Louis A. Whitener and A. A. Whitener for plaintiff.
Bourne, Parker Jones for defendant.
After this cause had been removed from Catawba County to Buncombe County for trial, and while an appeal from said order was pending, the defendant lodged a motion before "Hon. Cameron F. MacRae, judge presiding in the Nineteenth Judicial District," to dissolve the temporary restraining order, originally entered in the cause and made returnable before Hon. A. M. Stack at Monroe, N.C. but upon which no hearing had been held or ruling made.
The plaintiff, in apt time, objected to the jurisdiction and authority of MacRae, Special Judge, to make or enter any order affecting the rights of the plaintiff, which objection was overruled, and an order was entered 13 February, 1930, by "His Honor, Cameron F. MacRae, judge presiding and holding the courts of the Nineteenth Judicial District, at his Chambers in the city of Asheville," dissolving and dismissing said temporary restraining order.
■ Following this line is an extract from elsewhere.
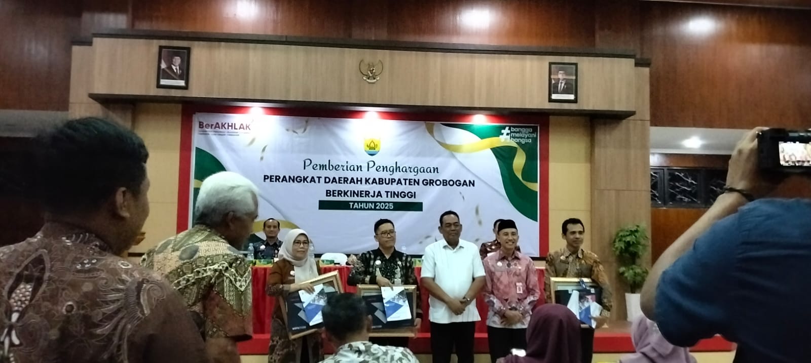 Pada hari Kamis, 12 Pebruari 2026 bertempat di Aula Dharmaloka UPTD BLK Kab Grobogan telah dilaksanakan acara Penyerahan Hasil Penilaian Kinerja Perangkat Daerah Tahun 2025. Acara tersebut dihadiri oleh Bupati Grobogan, Sekda Grobogan dan para Kepala OPD Kab Grobogan. Dalam sambutannya Bupati Grobogan menghimbau kita semua untuk bekerja dengan baik, menyelesaikan pekerjaan dan menjaga kebersamaan dengan baik agar pemerintahan dapat berjalan dengan lancar. Lebih lanjut Bupati Grobogan mengatakan perlu kehati hatian kita dalam bekerja, bekerja menurut prosedur yang ada. Bekerja dengan baik, jangan terlalu santai, agar kiinerja kita bertambah baik. Dalam akhir sambutannya beliau mengatakan bahwa penilaian kinerja diperlukan untuk memastikan bahwa kebijakan kebijakan dari propinsi dan pusat sudah kita laksanakan dengan baik. Bekerja pedomannya adalah aturan. Acara berjalan tertib dan lancar.
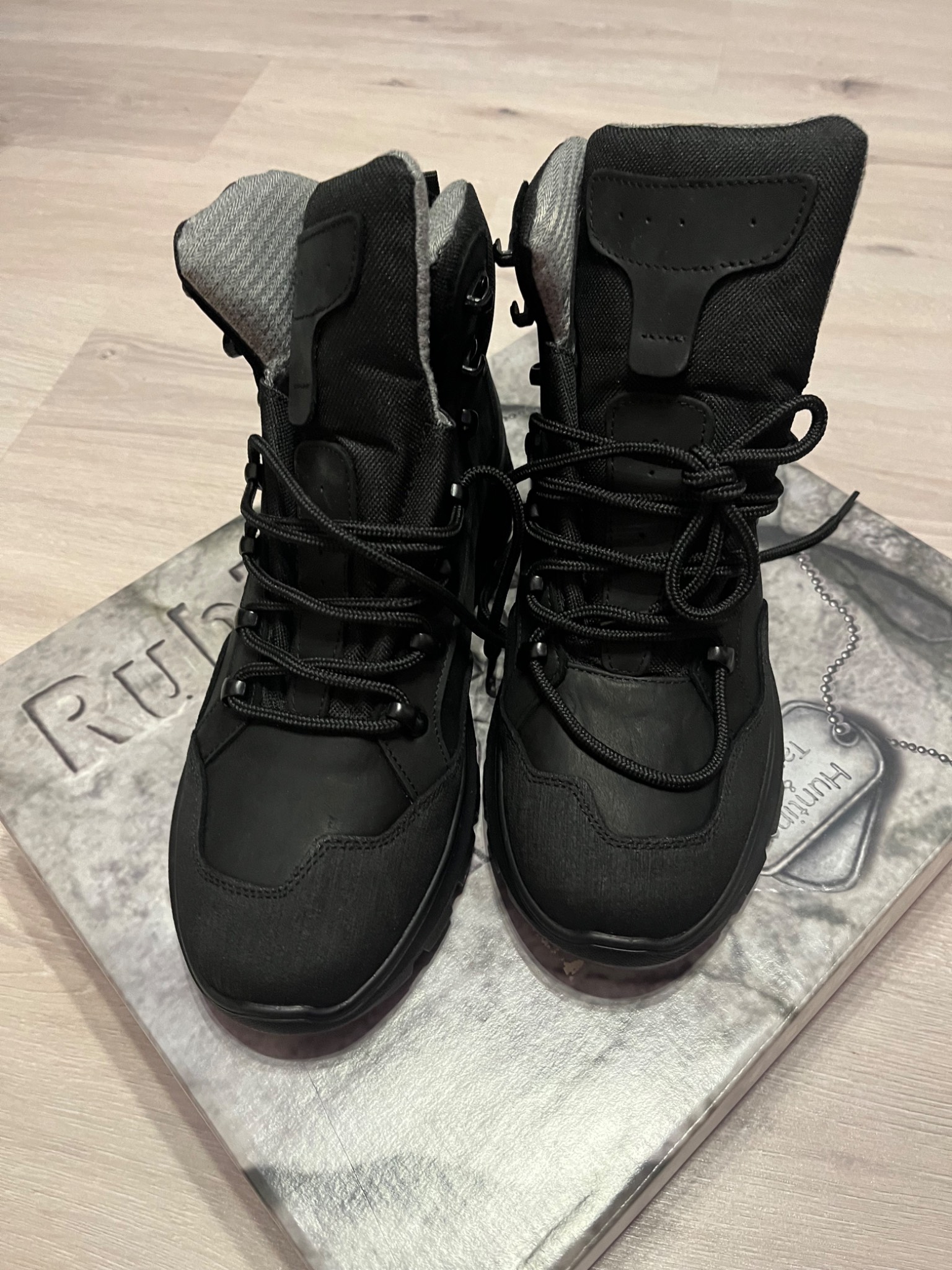 1. Вид: Черевики тактичні комбіновані з натуральної шкіри "нубук гідрофобний" та текстильного матеріалу "Cordura", чорного кольору, із шкіряною союзкою, та обсоюзкою яка зроблена із зносостійкої шкіри із спеціальним «антивандальним» покриттям, з берцями та глухим клапаном. Водонепронкина мембрана, шви якої загерметизовані спеціальною стрічкою, ортопедичними устілками та металевими петлями для шнурків.

Plaintiff appeals, assigning errors.
after stating the case: The order, here challenged, was improvidently entered because an appeal had been taken from the order removing the cause to Buncombe County for trial, and this stayed "all further proceedings in the court below upon the judgment appealed from, or upon the matters embraced therein." C. S., 655; Pruett v. Power Co., 167 N.C. 598, 83 S.E. 830.
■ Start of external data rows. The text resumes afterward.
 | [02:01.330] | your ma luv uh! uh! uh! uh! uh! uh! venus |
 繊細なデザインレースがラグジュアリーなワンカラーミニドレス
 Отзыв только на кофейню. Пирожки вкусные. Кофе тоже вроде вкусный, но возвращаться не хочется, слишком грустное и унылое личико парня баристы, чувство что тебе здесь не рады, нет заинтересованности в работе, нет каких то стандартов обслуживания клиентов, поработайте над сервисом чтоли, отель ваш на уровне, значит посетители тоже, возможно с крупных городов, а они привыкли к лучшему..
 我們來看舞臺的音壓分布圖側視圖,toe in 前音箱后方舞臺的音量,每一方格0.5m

But for the order of removal, which was challenged by the appeal therefrom, the Superior Court of Buncombe County was without jurisdiction to hear the matter. Hence, the very question sought to be determined by the appeal from the order of removal was the right of the Superior Court of Catawba County to transfer the cause to Buncombe County for trial. McRae v. Commissioners, 74 N.C. 415.
Nothing was said in Huntley v. Express Co., 191 N.C. 696, 132 S.E. 786, which militates against our present position, for the decision in that case was made to rest upon other statutes and other laws.
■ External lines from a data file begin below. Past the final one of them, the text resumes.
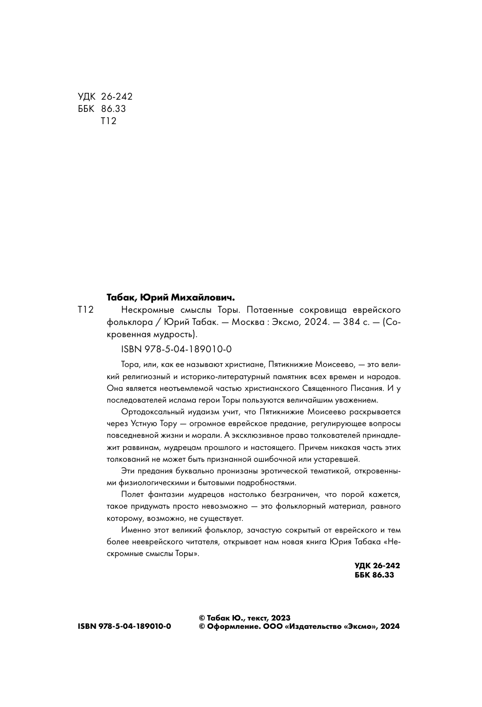 Нескромные смыслы Торы. Потаенные сокровища еврейского фольклора (Юрий Табак); ООО "Издательство "Эксмо", 2024
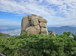 🍁As I reached the summit, there were many rocky sections, and there were a few places where I had to use my hands to climb. It wasn't difficult, but I had to be careful. From the summit, I could see the entire Seoul city at a glance, which made me feel refreshed.
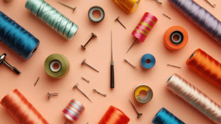 A vibrant and artistic display of colorful threads, spools, and sewing tools set against a soft peach background, perfect for creative projects and inspiration.
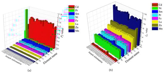 In order to evaluate the heavy metal pollution status in the Meitan tea area, Igeo and Pi for each trace element were analyzed. The results showed that the average Igeo value of trace elements in Meitan area was below 0, and the average Pi value was below 1 except in the townships of SL and CL (Figure 2). Therefore, the soil in Meitan was not contaminated by the elements of Mn, Zn, La, Fe, Ni, and Sm, indicating that the overall soil quality is relatively clean.
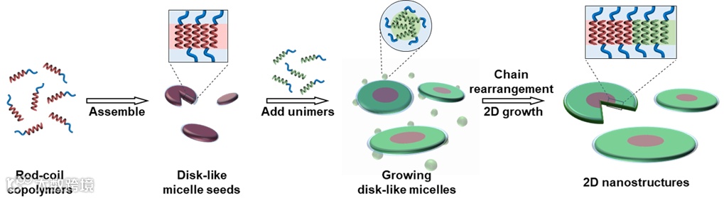 图1. 聚肽盘状胶束的可控融合生长过程及同心圆盘状结构
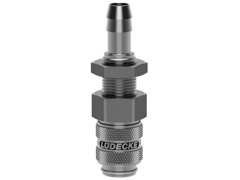 Gniazdo szybkozłącza jednostronnie odcinającego z króćcem do węża i nakrętką kontrującą, wykonane ze stali szlachetnej (nierdzewnej) i uszczelnieniem z Vitomu (FKM).

Again, judicial notice may be taken of the fact that Hon. Cameron F. MacRae is one of the special judges appointed by the Governor under authority of chapter 137, Public Laws 1929, and unless he had been duly commissioned to hold, and was holding, court in Buncombe County or the courts of the Nineteenth Judicial District at the time the judgment was signed, which purports to have been rendered "at Chambers," he was also, for this reason, without authority to determine the matter. Greene v. Stadiem, 197 N.C. 472, 149 S.E. 685. The record is silent as to whether he held such commission, and we, therefore, omit any definite ruling on this ground.
Error.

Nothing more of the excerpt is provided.